» What is needed: When you transcribe the listing, keep each line exact and drop the pictures.

» Input data:
• • • • •
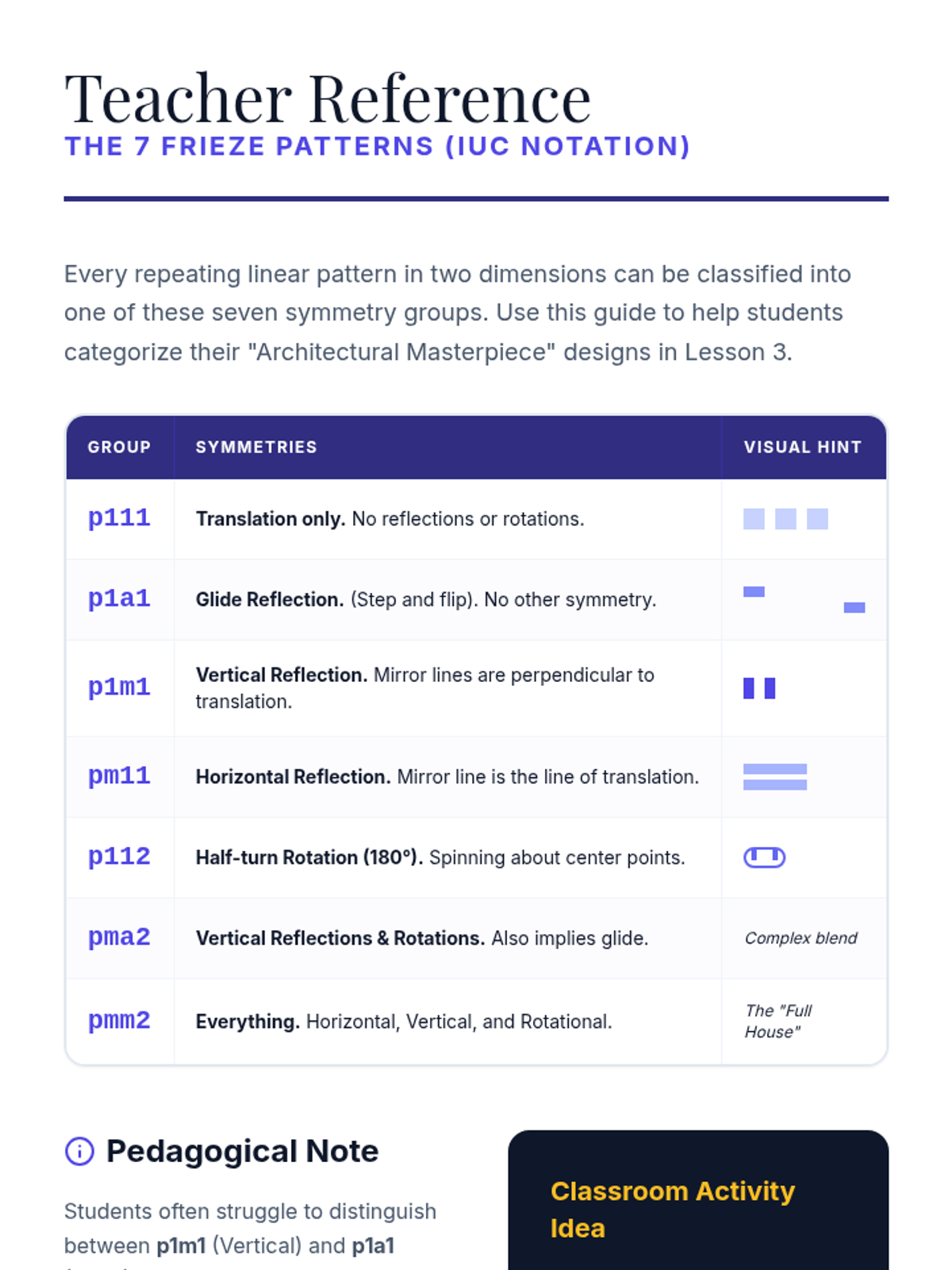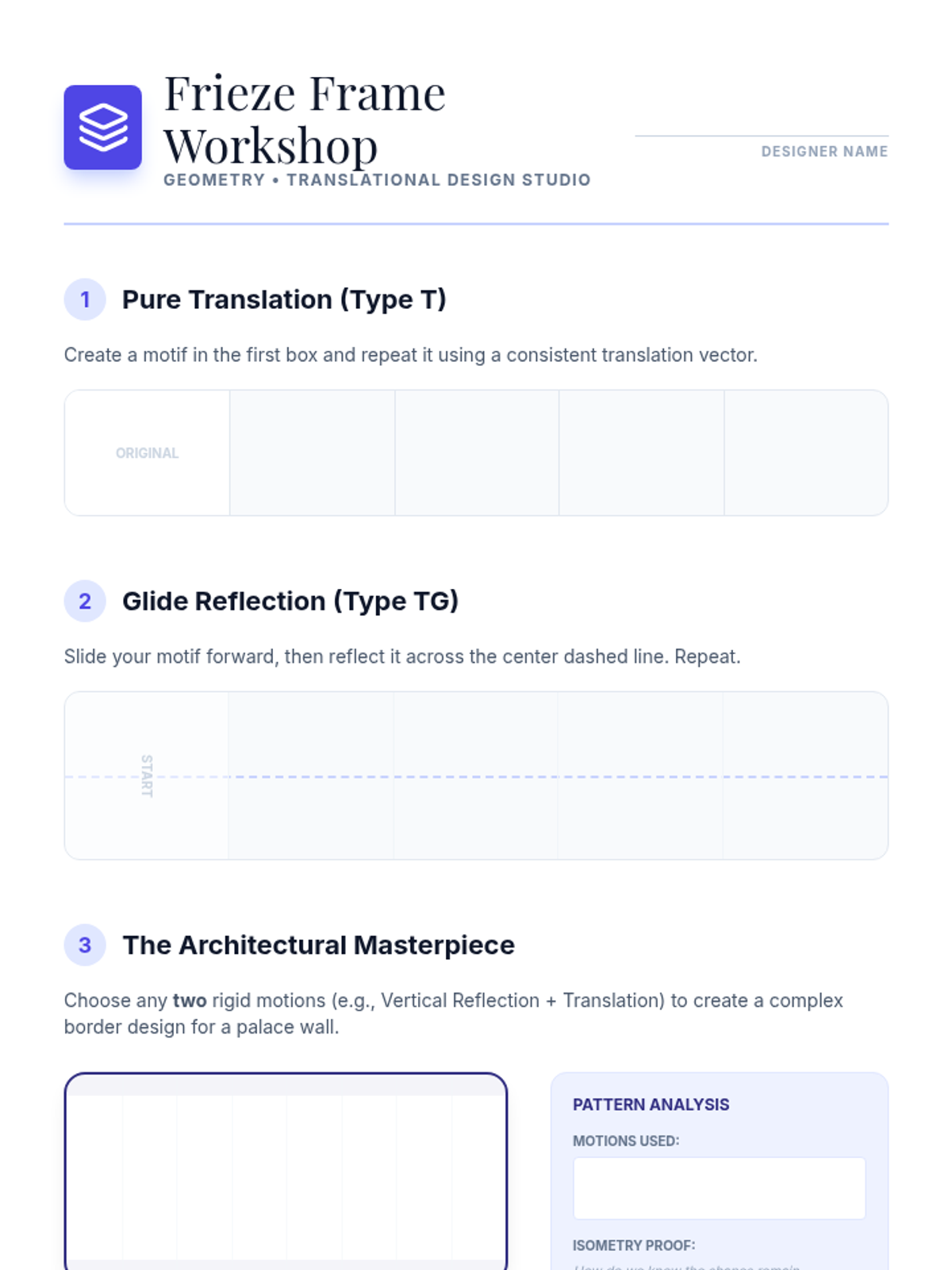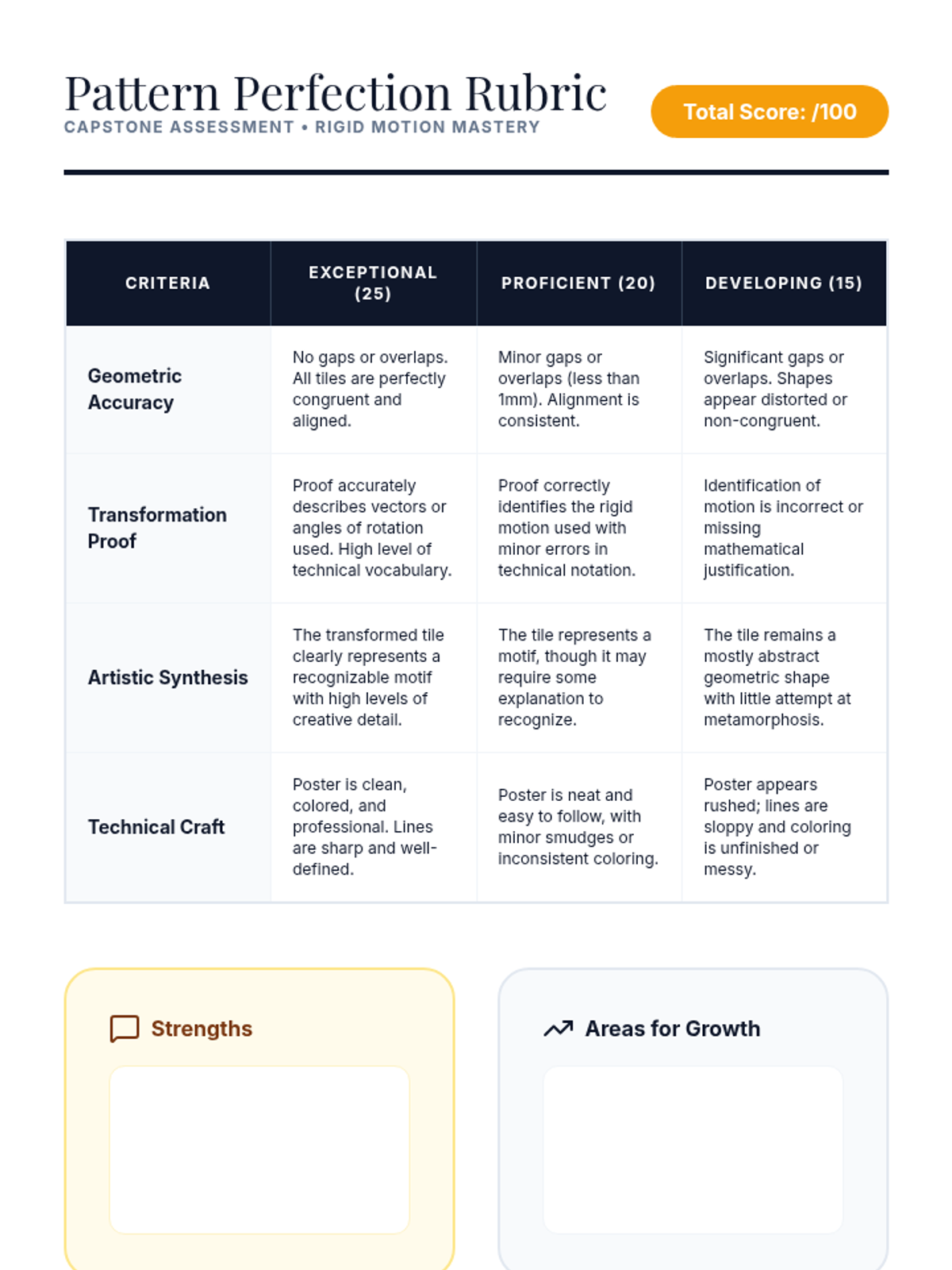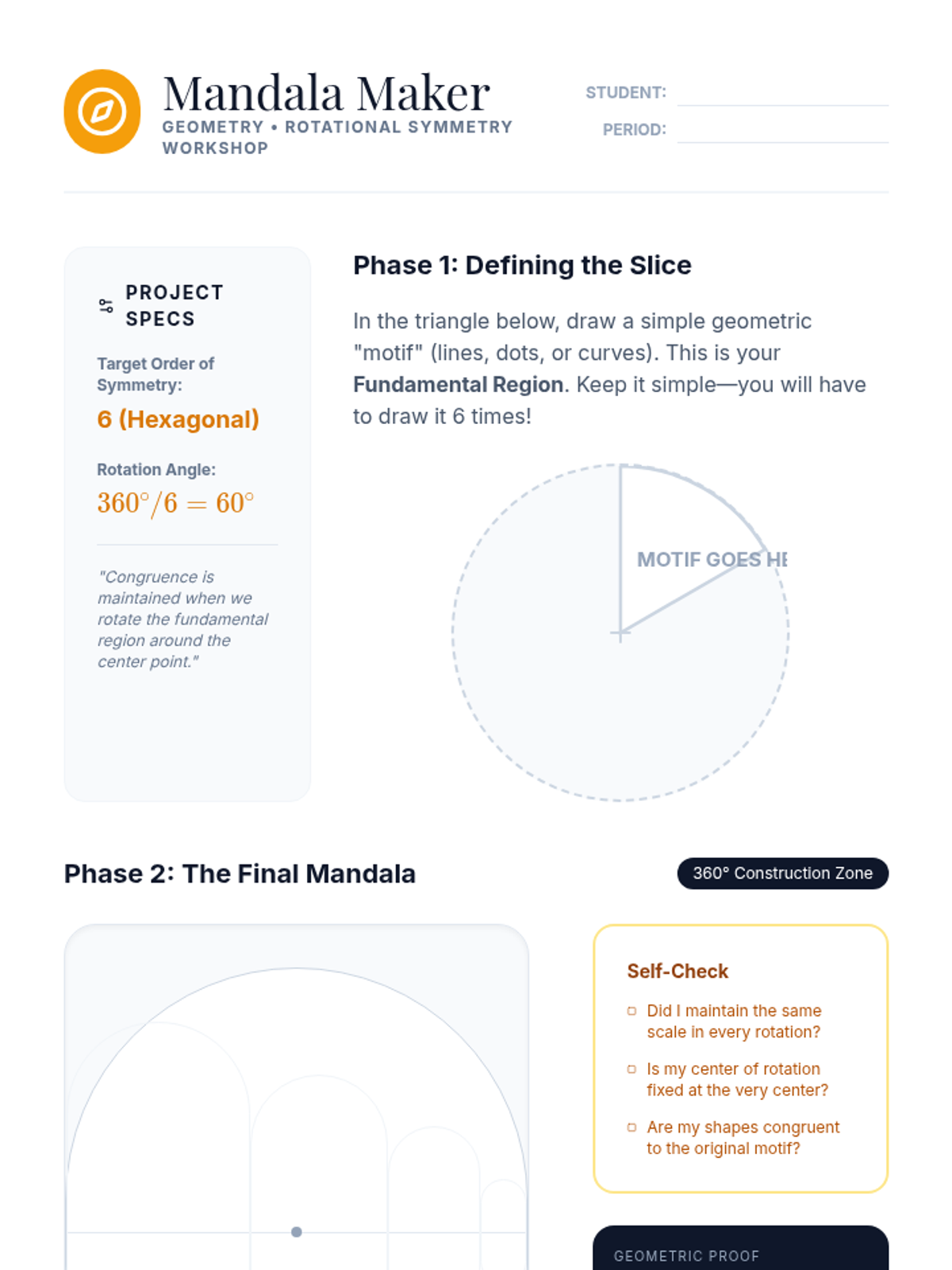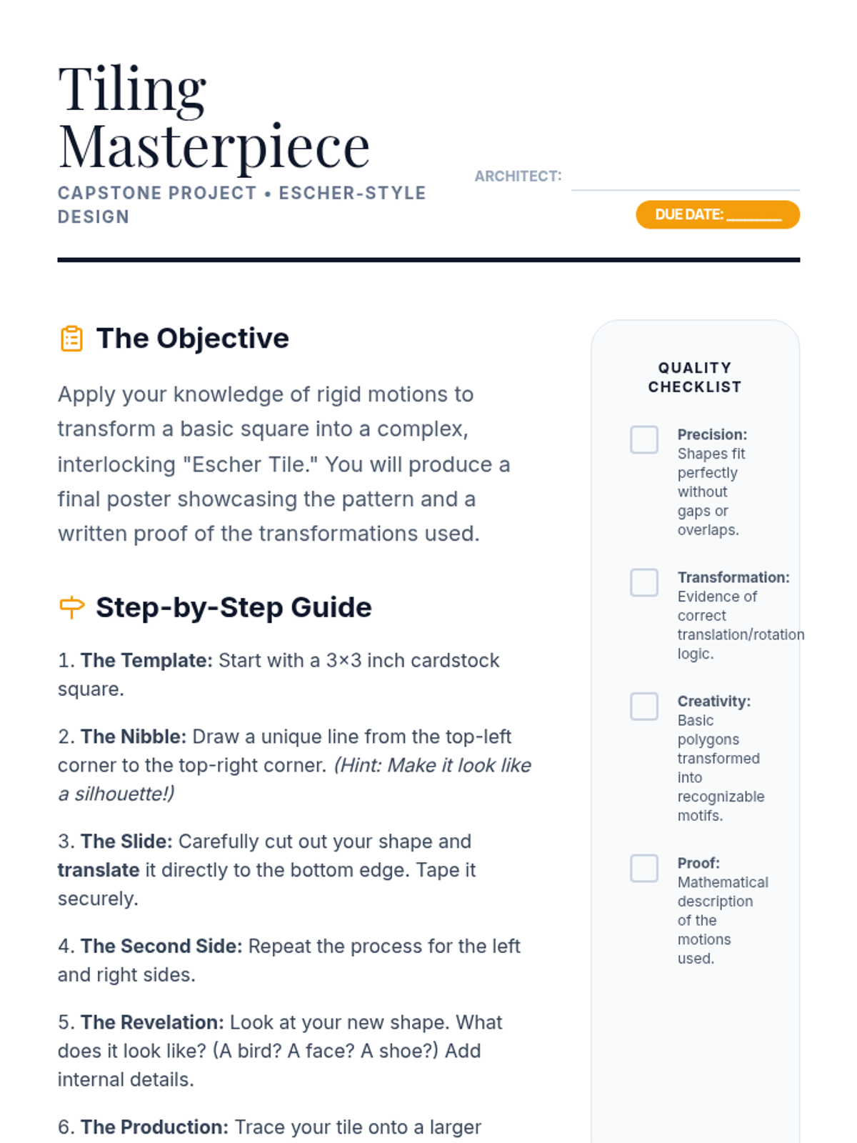 A project-based exploration of rigid motions through art and design. Students analyze symmetry in architecture, create mandalas, design frieze patterns, and synthesize original Escher-style tessellations using precise geometric transformations.
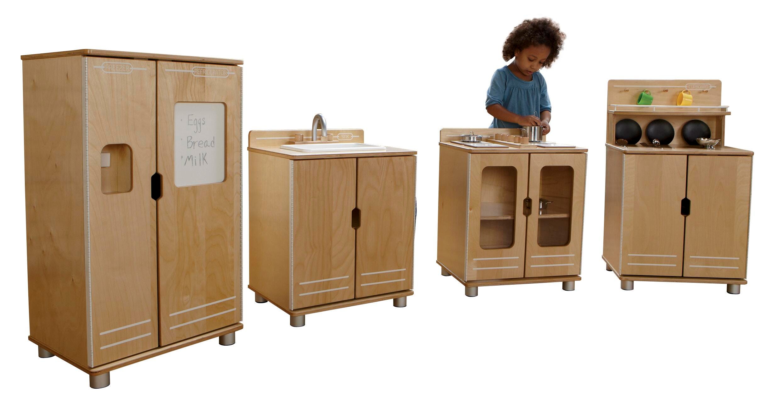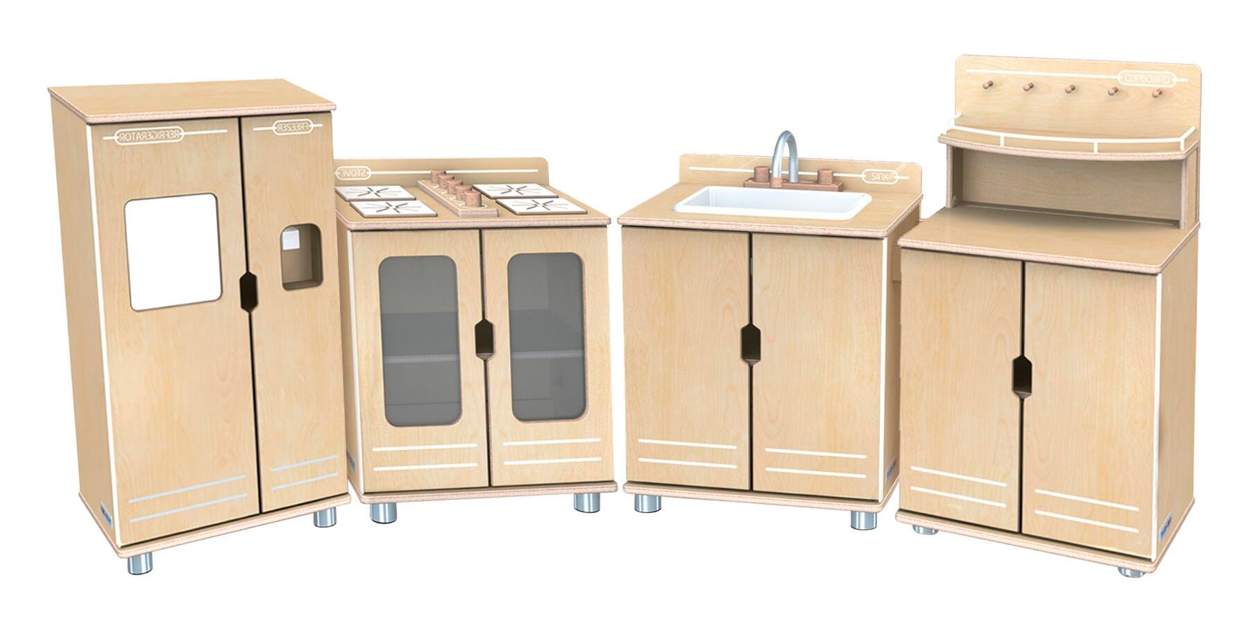 Jonti-Craft TrueModern Play Kitchen Set, Baltic Birch, Aluminum Feet, Set of 4
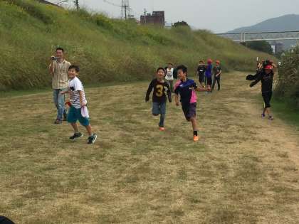 大和川の堤防に降りて昼食をとりました。そして、思い切り遊ぶ時間を作りました。子どもたちは大満足の様子でした。
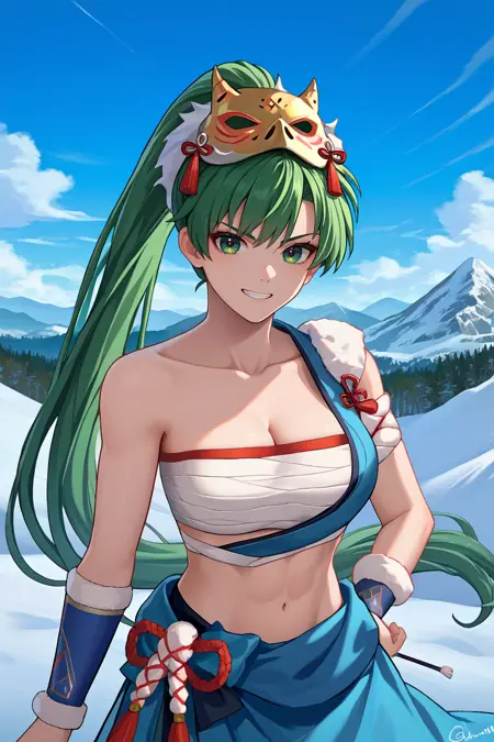 Flame Lynには、「flmLyn, green hair, high ponytail, mask on head, collarbone, single bare shoulder, single sleeve, white bandeau, cleavage, wrist wrap, white rope, blue skirt, bracers」を追加してください。
• • • • •
» Response below:
 A project-based exploration of rigid motions through art and design. Students analyze symmetry in architecture, create mandalas, design frieze patterns, and synthesize original Escher-style tessellations using precise geometric transformations.
 Jonti-Craft TrueModern Play Kitchen Set, Baltic Birch, Aluminum Feet, Set of 4
 大和川の堤防に降りて昼食をとりました。そして、思い切り遊ぶ時間を作りました。子どもたちは大満足の様子でした。
 Flame Lynには、「flmLyn, green hair, high ponytail, mask on head, collarbone, single bare shoulder, single sleeve, white bandeau, cleavage, wrist wrap, white rope, blue skirt, bracers」を追加してください。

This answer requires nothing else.